Breakfast in bed for widowed mother-of-two Mel (Parker) isn't a glass of Sunny D and a bowl of Cheerios.
It's a syringe loaded with heroin served up on a tray by her 10-year-old son to save her the bother of preparing it herself.
"You did mix this properly," she asks young Paul (Eden). "Yeah, I've seen you do it enough times," is his reply.
And so the tone is set for this bleak delve into the sordid lives of drug-ravaged families eking out a bare existence on Britain's sink estates.
Paul is the surrogate father to the family after Mel succumbed to the lure of the needle when her husband died of a heart attack.
She's in thrall and hock to pusher Lenny (Wenham) and her only friend is the similarly addicted Vicki (Marsha Thomason), who turns tricks to finance her habit.
Living in the shadow of West Ham's ground, their prospects of playing happy families are about as bleak as the Hammers staying in the Premiership.
It's a tale of despair, false hope and grim resignation - and that's just the football club.
Actually, the litany of grinding pessimism stretches just a little too far when grand-dad is literally wheeled into the picture on a respirator.
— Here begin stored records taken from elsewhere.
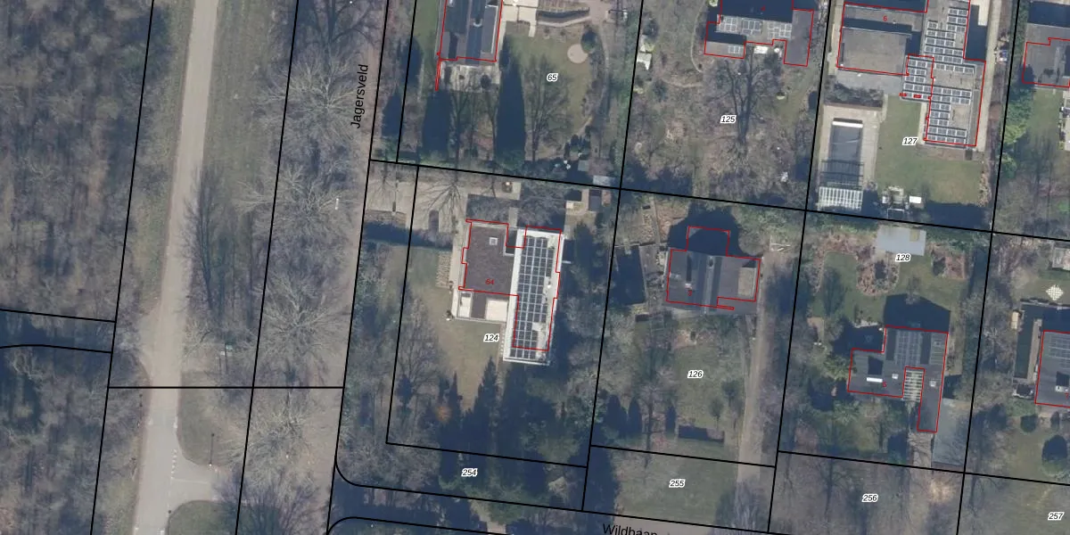 Het perceel waarop Jagersveld 64 staat heeft een oppervlakte van 1985 m². Dit is een zeer groot perceel. De perceeloppervlakte wordt geregistreerd door het Kadaster. Gedetailleerde informatie over de maten van dit perceel kunt u vinden in het rapport Kadastrale kaart met maatvoering van Jagersveld 64.
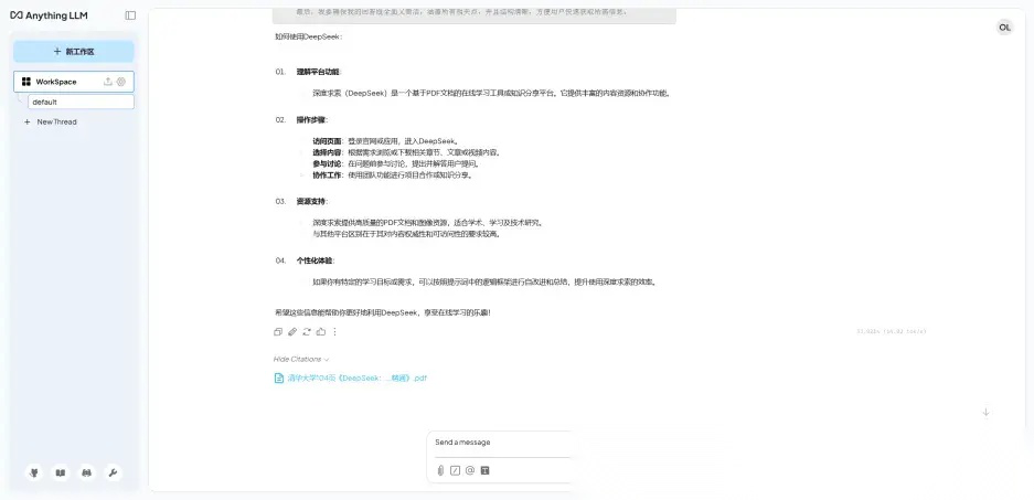 上传文档资料到知识库,并挂载到指定的工作区进行对话,输出的内容便会依据你当前工作区的资料进行回答
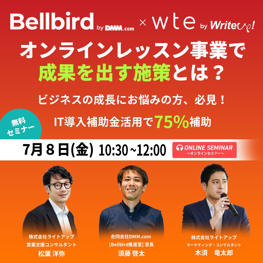 株式会社ライトアップ(本社:東京都渋谷区、代表取締役社長:白石崇、以下ライトアップ)は、合同会社DMM.com(本社:東京都港区、会長 兼 最高経営責任者(CEO):亀山敬司、以下DMM)が運営するオンラインコミュニケーションに関するOEMサービス「Bellbird by DMM」と共に、レッスン事業者向けにオンラインセミナーを開催いたします。
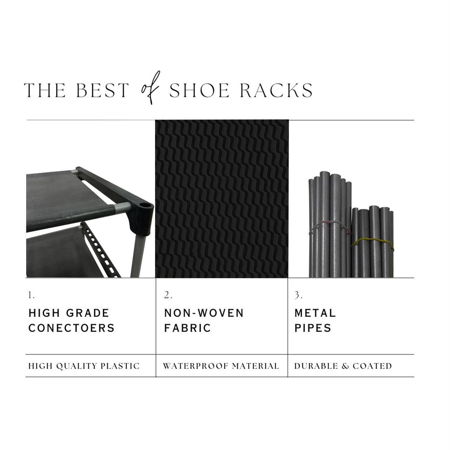 The embossed tray surface adds a refined decorative touch while also providing improved grip for footwear placement. Proper spacing between shelves promotes ventilation, helping maintain freshness and hygienic storage conditions even during humid weather. Its modern black tone blends seamlessly with contemporary home décor, wardrobe areas, entryways, balconies, or dressing spaces.
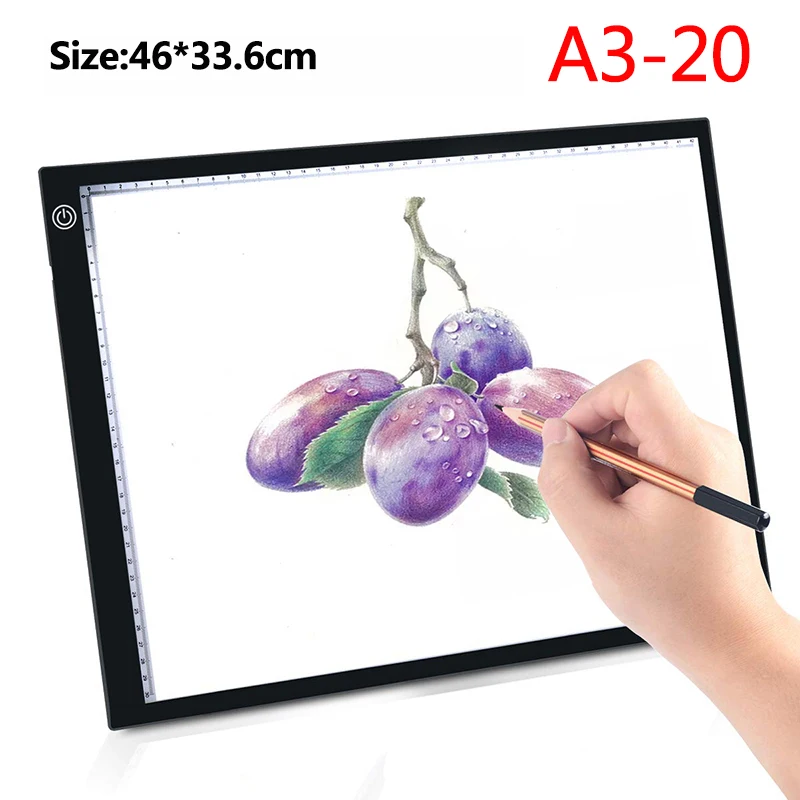 Материал: акрилРазмер: 46 см * 33,7 см * 0,55 смТип: A3/A4Рабочее напряжение: 5 В, 2 АНоминальная мощность: 8,6 ВтЯркость: трехуровневое затемнение
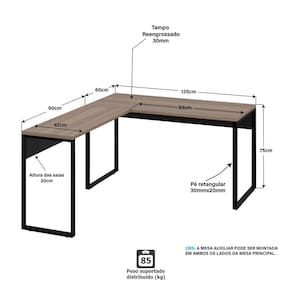 - A saia possui 20cm de altura garantindo ótima estabilidade a mesa Produto Montado: Sim Acompanha Manual de Instalação: Sim Ambiente Principal: Escritório codigo_ean: 7798442417205 Complexidade da Montagem: Baixa: pode ser montado por uma pessoa sozinha Cor: Nogal Cor do Produto: Nogal Cor Interna: Nogal Dobrável: Não Escala de Brilho: Semi-Brilho Espessura do Tampo: 30 mm Formato: Em L Itens Inclusos: 1 Escrivaninha, Manual de Montagem e Kit Ferragens Linha ou Coleção: Office Manual de Montagem e Instalação: https://product-hub-prd.madeiramadeira.com.br/866854/documents/4bd17a84-070f-4902-a717-5c9aa1b44696743mesaangularpEretangular.pdf Material da Estrutura: Aço Material do Tampo: MDP Material dos Pés: Aço Material Principal: MDP Montagem Flex: Não Necessita Montagem: Sim Origem do Produto: Nacional Pés com Regulagem de Altura: Não Pés Reguláveis: Não Peso: 29 kg Possui Painel: Não Possui Passa Cabos: Não Possui Porta Objetos: Não Possui Portas: Não Possui Prateleiras: Não Possui suporte para CPU: Não Possui Suporte para Teclado: Não Possui Vidro: Não Recomendações de Uso, Manutenção e Limpeza: Limpeza com pano úmido, sem produtos químicos Sapatas Niveladoras: Sim Sistema de Montagem: Parafusos, cavilha e minifix Suporta Até (kg): 85 kg
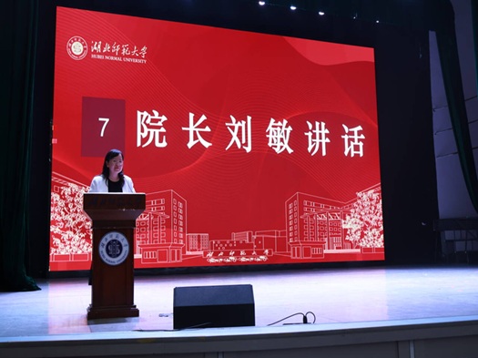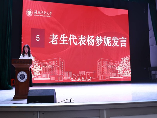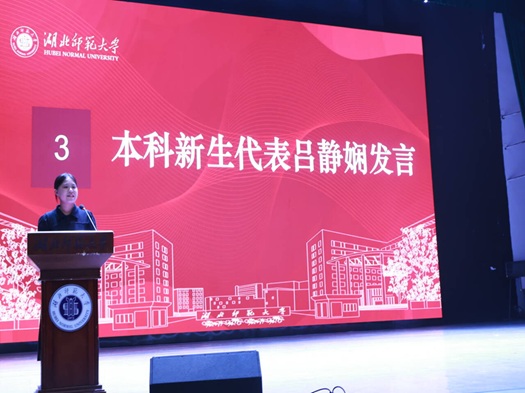 在师生代表发言环节,2025级荆楚优师计划学生吕静娴表达了投身基层外语教育的初心;研究生新生代表申洪彬分享了从夯实基础到专注学术的转变,立志在外语教学法领域深入探索;在校生代表、院学生会主席杨梦妮结合自身经历,鼓励新生善用学院资源,提升专业能力与综合素养。

Enough, already.
This stands or falls on the quality of newcomer Eden's performance - and he turns in one just as strong as Jamie Bell in Billy Elliot.
However, unsurprisingly given the subject matter, this lacks the light and shade that made the latter so appealing.
The comic relief on offer has all the levity of a Christmas cracker in a morgue and never lightens the tone.
However, when things appear to be striding onto moral thin ice, they're just about saved by the quality of the writing and all-round excellence of the cast.
Imagine Albert Square declared a no-go zone by the Samaritans.